You are viewing a plain text version of this content. The canonical link for it is here.

Posted to user@spark.apache.org by 喜之郎 <25...@qq.com> on 2016/05/20 11:17:27 UTC

Spark.default.parallelism can not set reduce number

Hi all.
I set Spark.default.parallelism equals 20 in spark-default.conf. And send this file to all nodes.
But I found reduce number is still default value,200.
Does anyone else encouter this problem? can anyone give some advice?


############
[Stage 9:>                                                        (0 + 0) / 200]
[Stage 9:>                                                        (0 + 2) / 200]
[Stage 9:>                                                        (1 + 2) / 200]
[Stage 9:>                                                        (2 + 2) / 200]
#######


And this results in many empty files.Because my data is little, only some of the 200 files have data.
#######
 2016-05-20 17:01 /warehouse/dmpv3.db/datafile/tmp/output/userprofile/20160519/part-00000
 2016-05-20 17:01 /warehouse/dmpv3.db/datafile/tmp/output/userprofile/20160519/part-00001
 2016-05-20 17:01 /warehouse/dmpv3.db/datafile/tmp/output/userprofile/20160519/part-00002
 2016-05-20 17:01 /warehouse/dmpv3.db/datafile/tmp/output/userprofile/20160519/part-00003
 2016-05-20 17:01 /warehouse/dmpv3.db/datafile/tmp/output/userprofile/20160519/part-00004
 2016-05-20 17:01 /warehouse/dmpv3.db/datafile/tmp/output/userprofile/20160519/part-00005
########

Re: Spark.default.parallelism can not set reduce number

Posted by Takeshi Yamamuro <li...@gmail.com>.

You need to use `spark.sql.shuffle.partitions`.

// maropu

On Fri, May 20, 2016 at 8:17 PM, 喜之郎 <25...@qq.com> wrote:

>  Hi all.
> I set Spark.default.parallelism equals 20 in spark-default.conf.

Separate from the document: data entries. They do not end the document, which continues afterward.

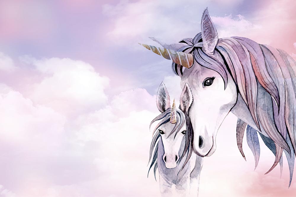 • Pembe Bulutlar Üzerinde Unicorn Çocuk Odası Duvar Kağıdı 3 boyutlu şekilde satın alın!
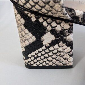 Vince Camuto Margry Snake Print Block Heel Sandals, Size 8M(38.5). 2.5" Block Heel, Ankle Strap, Faux Leather Upper. Like New Condition, Pre-Owned
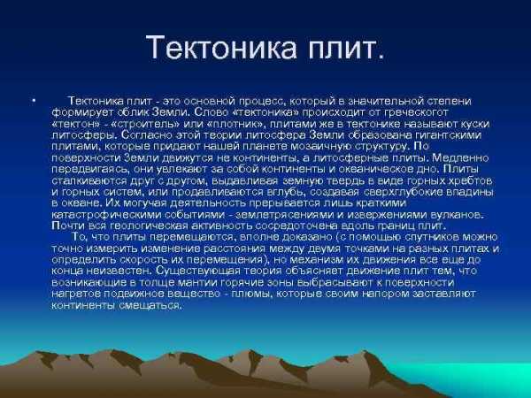 Тектоника плит. • Тектоника плит — это основной процесс, который в значительной степени формирует облик Земли. Слово «тектоника» происходит от греческогот «тектон» — «строитель» или «плотник» , плитами же в тектонике называют куски литосферы. Согласно этой теории литосфера Земли образована гигантскими плитами, которые придают нашей планете мозаичную структуру. По поверхности 3 емли движутся не континенты, а литосферные плиты. Медленно передвигаясь, они увлекают за собой континенты и океаническое дно. Плиты сталкиваются друг с другом, выдавливая земную твердь в виде горных хребтов и горных систем, или продавливаются вглубь, создавая сверхглубокие впадины в океане. Их могучая деятельность прерывается лишь краткими катастрофическими событиями — землетрясениями и извержениями вулканов. Почти вся геологическая активность сосредоточена вдоль границ плит. То, что плиты перемещаются, вполне доказано (с помощью спутников можно точно измерить изменение расстояния между двумя точками на разных плитах и определить скорость их перемещения), но механизм их движения все еще до конца неизвестен. Существующая теория объясняет движение плит тем, что возникающие в толще мантии горячие зоны выбрасывают к поверхности нагретое подвижное вещество — плюмы, которые своим напором заставляют континенты смещаться.
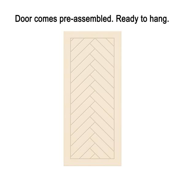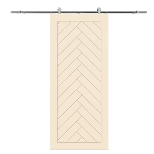 30 in. x 84 in. Beige Painted Composite MDF Paneled Interior Sliding Barn Door with Hardware Kit

And send
> this file to all nodes.
> But I found reduce number is still default value,200.
> Does anyone else encouter this problem? can anyone give some advice?
>
> ############
> [Stage 9:>                                                        (0 + 0)
> / 200]
> [Stage 9:>                                                        (0 + 2)
> / 200]
> [Stage 9:>                                                        (1 + 2)
> / 200]
> [Stage 9:>                                                        (2 + 2)
> / 200]
> #######
>
> And this results in many empty files.Because my data is little, only some
> of the 200 files have data.
> #######
>  2016-05-20 17:01
> /warehouse/dmpv3.db/datafile/tmp/output/userprofile/20160519/part-00000
>  2016-05-20 17:01
> /warehouse/dmpv3.db/datafile/tmp/output/userprofile/20160519/part-00001
>  2016-05-20 17:01
> /warehouse/dmpv3.db/datafile/tmp/output/userprofile/20160519/part-00002
>  2016-05-20 17:01
> /warehouse/dmpv3.db/datafile/tmp/output/userprofile/20160519/part-00003
>  2016-05-20 17:01
> /warehouse/dmpv3.db/datafile/tmp/output/userprofile/20160519/part-00004
>  2016-05-20 17:01
> /warehouse/dmpv3.db/datafile/tmp/output/userprofile/20160519/part-00005
> ########
>
>
>
>


-- 
---
Takeshi Yamamuro

Re: Spark.default.parallelism can not set reduce number

Posted by Ovidiu-Cristian MARCU <ov...@inria.fr>.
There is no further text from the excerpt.